In the first comment to the question here the claim is made that the operator $A:\ell^2(\mathbb N)\to\ell^2(\mathbb N)$, the action of which is $A(e_n)=\lambda_ne_n$, is bounded. Here, $\{e_n:n\in\mathbb N\}\subset\ell^2(\mathbb N)$ is an orthonormal basis. This is what I want to show and it should be incredibly easy to demonstrate - I am overlooking something terribly obvious here, to my embarrassment.
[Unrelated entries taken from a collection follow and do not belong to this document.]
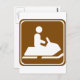 Vägskylt och skylt över motorvägar i internationell som ger råd om fritidsanläggningar, särskilt snöskoppling.
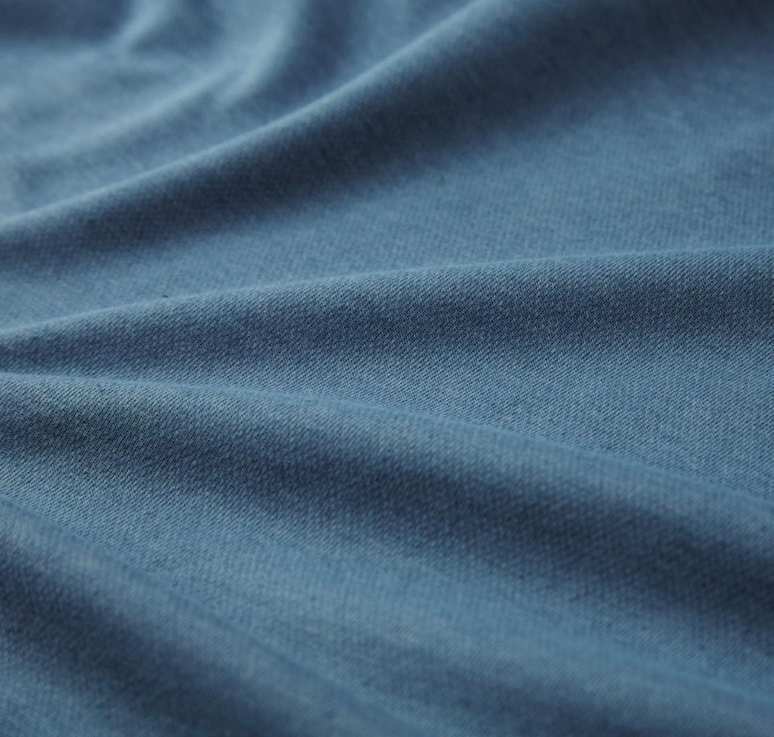 A malha com efeito sarjado apresenta uma textura diagonal característica de camisaria, enriquecida com biopolimento e amaciante. Essa combinação proporciona caimento, toque suave e um visual e sofisticado.
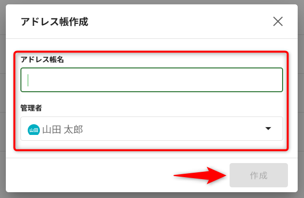 3.「アドレス帳名」を入力し、「管理者」を選択します。

Here is my working so far. Recall that in any Hilbert space, $\mathcal H$, with an orthonormal basis, any $x\in\mathcal H$ can be uniquely expressed in the form, $$x=\sum_{n=1}^\infty\langle x,e_n\rangle e_n.$$ Now, consider the quantity, $$\begin{align*} \|Ax\|&=\left\|A\left(\sum_{n=1}^\infty\langle x,e_n\rangle e_n\right)\right\|\\ &=\left\|\sum_{n=1}^\infty\langle x,e_n\rangle Ae_n\right\| &&\text{(assuming A linear)}\\ &=\left\|\sum_{n=1}^\infty\langle x,e_n\rangle \lambda_ne_n\right\|\\ &\le\sum_{n=1}^\infty\|\langle x,e_n\rangle \lambda_ne_n\| &&\text{(triangle inequality)}\\ &=\sum_{n=1}^\infty|\langle x,e_n\rangle| |\lambda_n|\|e_n\|\\ &\le\|x\|\sum_{n=1}^\infty |\lambda_n|\|e_n\|^2 &&\text{(Cauchy-Schwarz).}\\ \end{align*}$$ What I thought here to do was to bound $|\lambda_n|$ by $M:=\max_{n\in\mathbb N}\{\lambda_n\}$ so as to obtain, $$\|x\|\sum_{n=1}^\infty |\lambda_n|\|e_n\|^2\le M\|x\|\sum_{n=1}^\infty \|e_n\|^2.$$ But as the norm of each $e_n\in\ell^2(\mathbb N)$ is unity the series we are left with diverges.

As to trying to show that the operator is bounded, what am I overlooking or failing to do correctly?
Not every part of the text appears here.